▶ _WHAT YOU WILL DO_:
Exactly reproduce the lines from the one containing "Important: In order" through the last line of the data, both ends included, leaving out pictures.

▶ _SOURCE DATA_:
------------------------------------------------------------------------

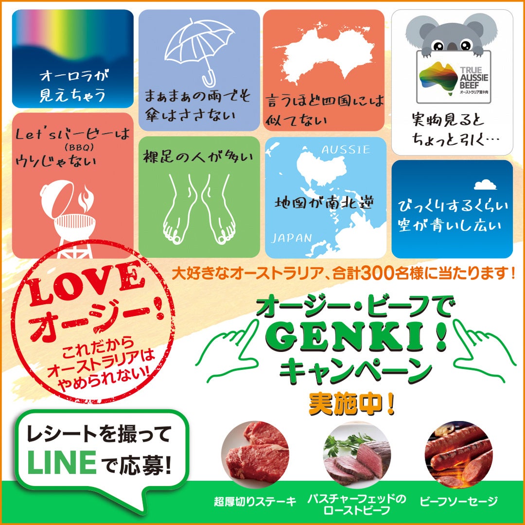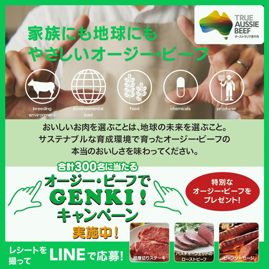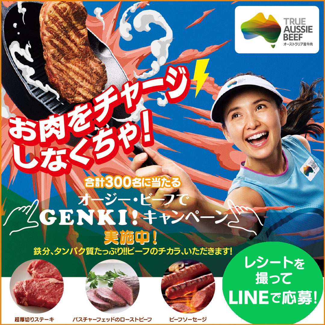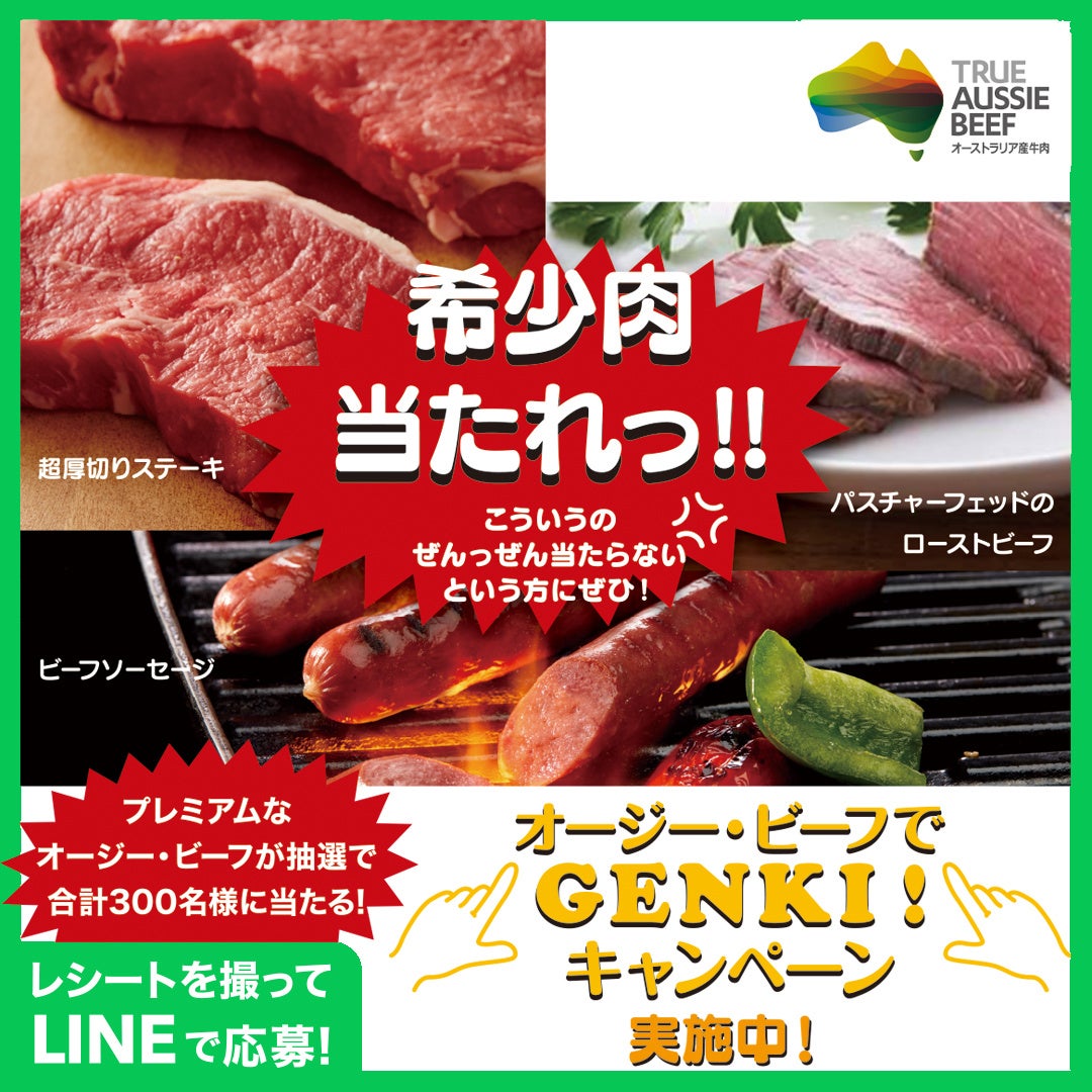 12/17(金)から『オージー・ビーフでGENKI!キャンペーン』をスタート!「オージー・ビーフでGENKI!LINEで応募プレゼントキャンペーン(https://genki.aussiebeef.jp)」「29秒でレシピがわかる情報厚めな29動画公開」「ファンのためのおもしろ圧強めな動画公開」を展開し、暑い南半球オーストラリアから、熱!厚!?圧?な冬の楽しみ方をお届けします。
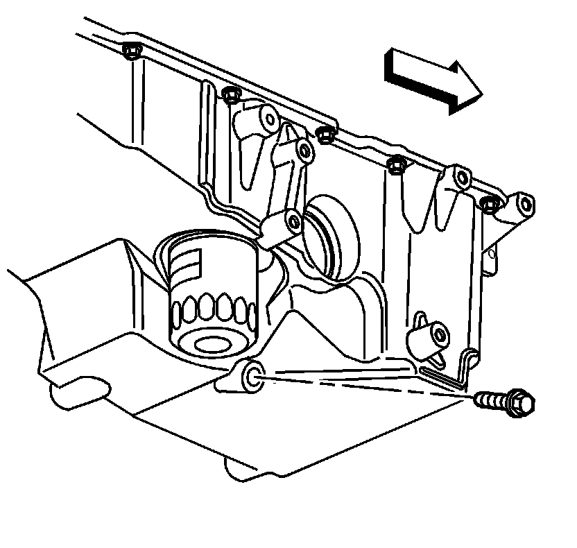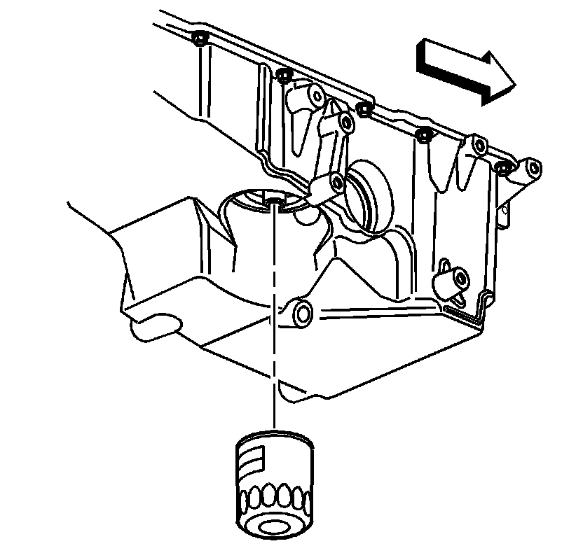 Important: In order to completely drain the oil from the oil pan internal baffling, the bottom of the oil pan must be level during the oil drain procedure.
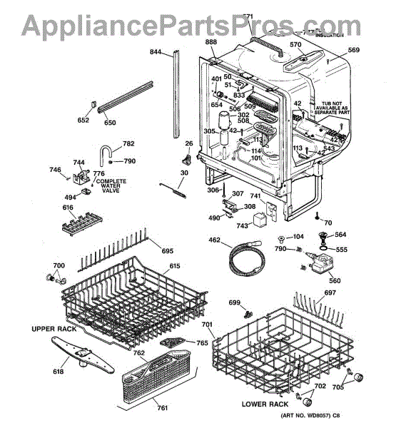 NOTE: Can use dishrack WD28X31819 with silverware basket WD28X265.

------------------------------------------------------------------------

▶ _ANSWER TO THE PROBLEM_:
 Important: In order to completely drain the oil from the oil pan internal baffling, the bottom of the oil pan must be level during the oil drain procedure.
 NOTE: Can use dishrack WD28X31819 with silverware basket WD28X265.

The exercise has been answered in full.